Given information:
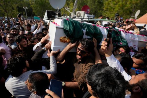 星期四早些时候,他的葬礼在伊斯兰堡的费萨尔清真寺举行。数千人参加了集会,其中许多人举着巴基斯坦和前总理伊姆兰·卡恩领导的巴基斯坦正义运动党(PTI)的标语和旗帜。
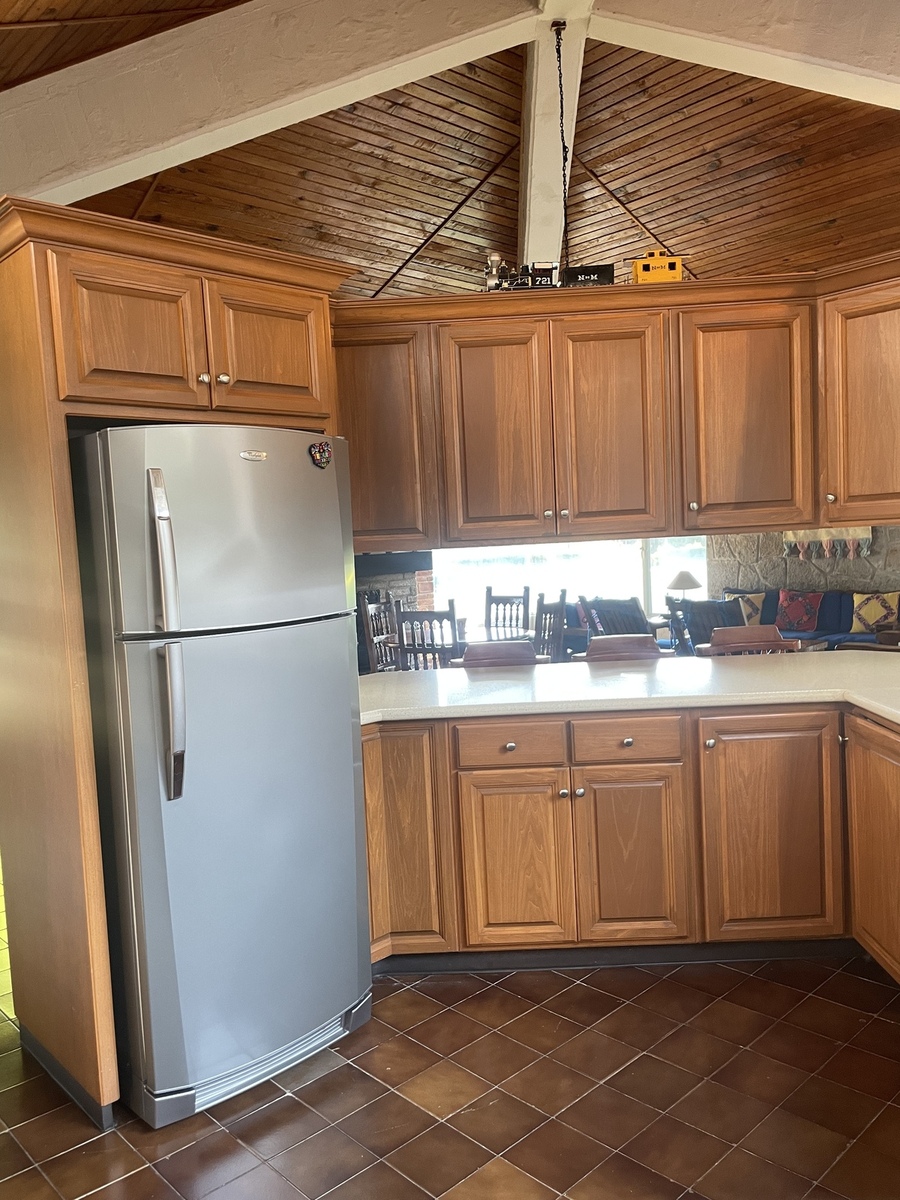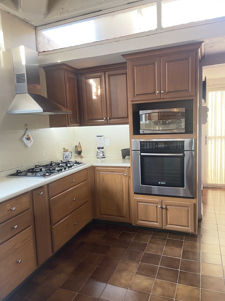 La sala se comunica con la terraza que da al jardín principal y tiene una hermosa chimenea y el comedor está comunicado con la cocina que tiene una barra como desayunador, un medio baño y acceso al cuarto de lavado.
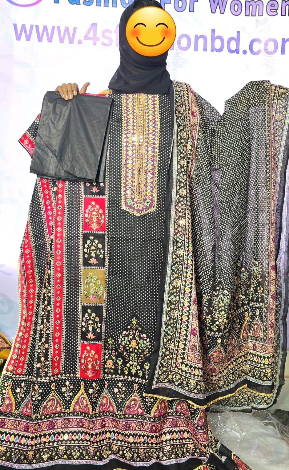 যারা একটু কালারফুল পোশাক পছন্দ করেন, তাদের জন্য সেরা চয়েস। ইউনিক জ্যামিতিক এবং ফ্লোরাল ডিজাইনের এই স্যুটটিতে পাবেন নিখুঁত নেকলাইন এমব্রয়ডারি।

Exercise instructions: Reproduce all the material exactly, omitting images.

Written solution:
 星期四早些时候,他的葬礼在伊斯兰堡的费萨尔清真寺举行。数千人参加了集会,其中许多人举着巴基斯坦和前总理伊姆兰·卡恩领导的巴基斯坦正义运动党(PTI)的标语和旗帜。
 La sala se comunica con la terraza que da al jardín principal y tiene una hermosa chimenea y el comedor está comunicado con la cocina que tiene una barra como desayunador, un medio baño y acceso al cuarto de lavado.
 যারা একটু কালারফুল পোশাক পছন্দ করেন, তাদের জন্য সেরা চয়েস। ইউনিক জ্যামিতিক এবং ফ্লোরাল ডিজাইনের এই স্যুটটিতে পাবেন নিখুঁত নেকলাইন এমব্রয়ডারি।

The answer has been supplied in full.